Internet and Mobile: Where Expats Save the Most
Spain has some of the fastest and cheapest fibre in Europe. The major operators are Movistar, Vodafone, Orange, MásMóvil, and Digi. Smaller MVNOs (operadores virtuales) like Lowi, O2, Finetwork, Pepephone, and Yoigo run on those same networks at lower prices.
Why Many Expats Pick Digi as the Best Internet Provider in Spain
Digi has become a favourite among newcomers for a few practical reasons:
- Aggressive fibre + mobile bundles at prices well below the big three.
- No long permanencia on most plans — you can cancel without penalty.
- Simple, low‑drama billing and English‑capable support at some call centres.
- Widespread symmetric fibre coverage in most Spanish cities.
The trade‑off is customer service that leans self‑service and occasional installation backlogs in high‑demand neighbourhoods. If you value premium support, TV bundles, or bilingual account managers, Movistar and Vodafone remain strong choices, though noticeably pricier.
What You'll Need to Contract
- NIE or TIE (some providers accept a passport for prepaid mobile only)
- Spanish address
- Spanish IBAN
- ID verification in person or via video call
Fibre installation usually happens within 3–10 business days for an existing connection point, longer if new wiring is needed inside the building.
Mobile SIMs and eSIMs
While you wait for your NIE, most operators sell prepaid SIMs with just a passport — perfect for the first weeks. Once you have your NIE, port your number to a postpaid plan; portability is free and takes about a day. eSIMs are widely supported by Movistar, Vodafone, Orange, and Digi.

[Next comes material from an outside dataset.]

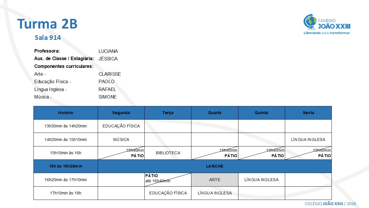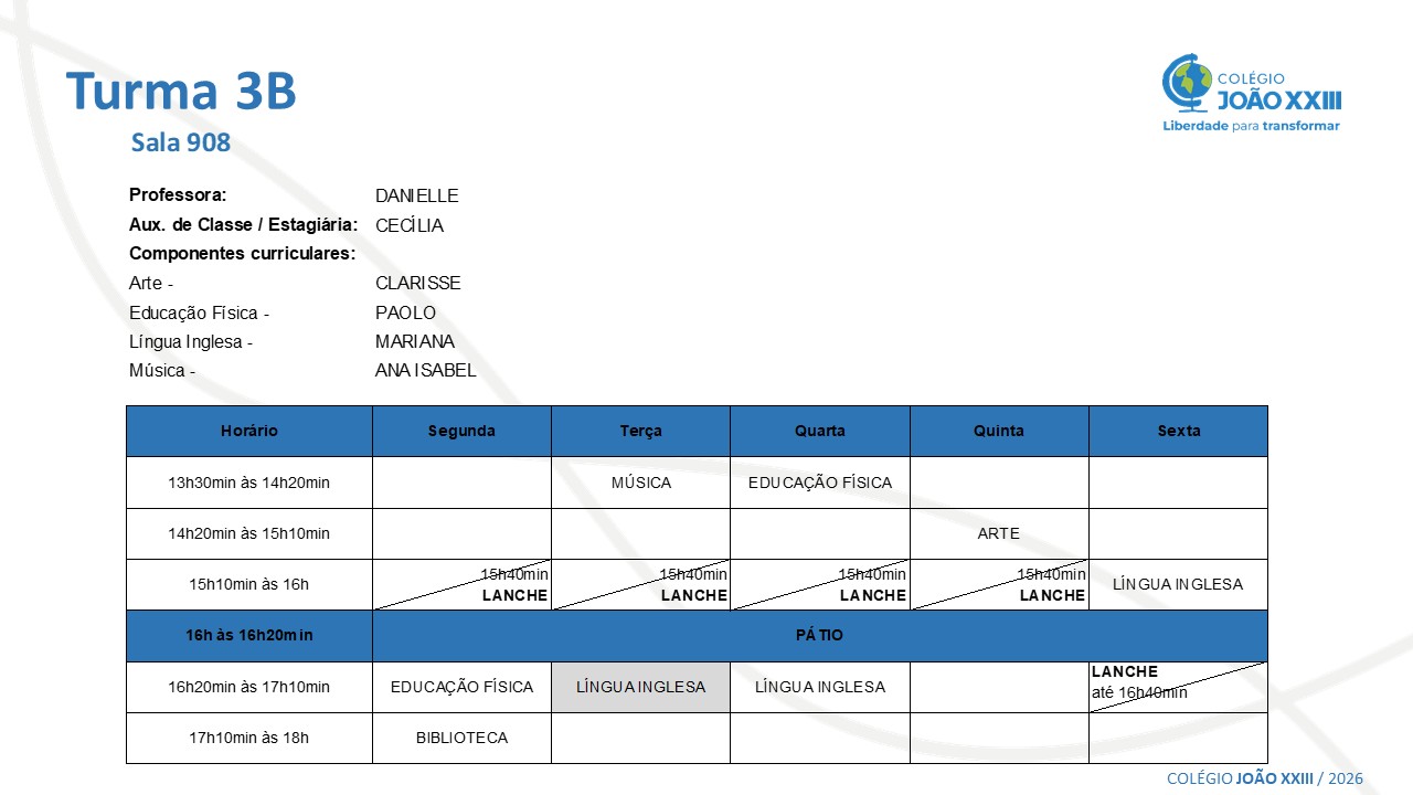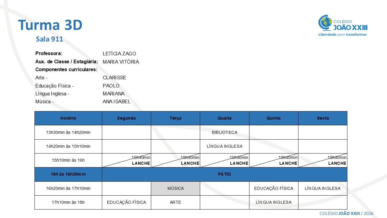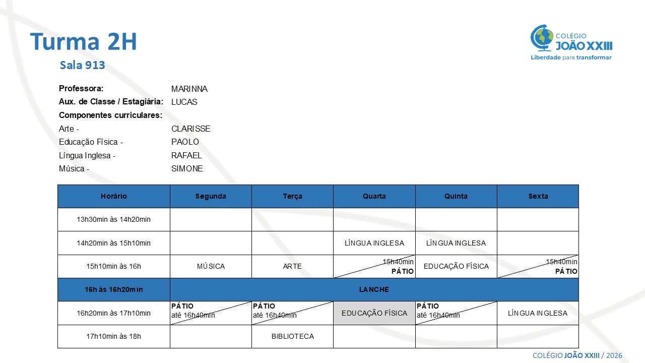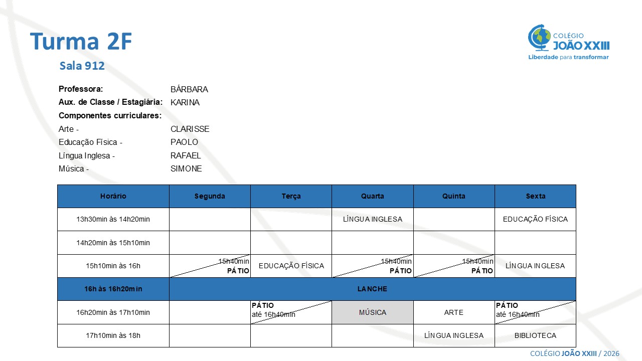 Horário Escolar: Núcleo da infância – 1º ao 4º ano

Waste, Community Fees and the "Hidden" Utilities
A few charges are not utilities in the strict sense but land in the same mental bucket:
- Basuras (rubbish tax) — billed annually or semi‑annually by the town hall (ayuntamiento).
- IBI (property tax) — annual, only if you own.
- Comunidad de propietarios — the building's community fees, if you're in a flat. Covers cleaning, lift, sometimes heating and hot water.
Ask your landlord or estate agent up front which of these you're responsible for. In many rentals, comunidad and IBI are the owner's responsibility while basuras falls to the tenant — but this is negotiable and should be written into the contract.
Common Mistakes to Avoid
- Signing without checking permanencia. Long minimum‑stay clauses can lock you in for 12–24 months with steep exit penalties.
- Leaving utilities in the landlord's name indefinitely. Fine short term, but you lose control over tariff choice and can't claim consumption for residency proofs.
- Overpaying for contracted electrical power. Have a look at your peak usage and consider lowering the kW.
- Ignoring the CUPS. Always keep it — it's the fastest way to switch providers later.
- Assuming English support. It exists at premium tiers and with some MVNOs, but Spanish (or a Spanish‑speaking friend) will save you hours.
Quick FAQ
How long does it take to set up utilities in Spain as an expat? With an active supply, electricity and water transfers usually take 1–5 business days. Fibre internet is typically 3–10 business days. New installations from scratch can stretch to several weeks.
Can I set up utilities before I have my NIE? Not in your own name. You can use prepaid mobile with just a passport, and your landlord can keep utilities in their name while you reimburse them until your NIE arrives.
Do I need a Spanish bank account? In practice, yes. Almost all providers require SEPA direct debit from a Spanish IBAN, though some now accept other EU IBANs.
Is it worth switching providers after the first year? Often, yes. The Spanish market rewards shoppers — loyalty rarely pays. Compare offers every 12 months.
Rules, tariffs, and provider offers in Spain change frequently. Before signing any contract, confirm the current terms directly with the provider or a licensed gestor, and read the fine print on permanencia and price revisions.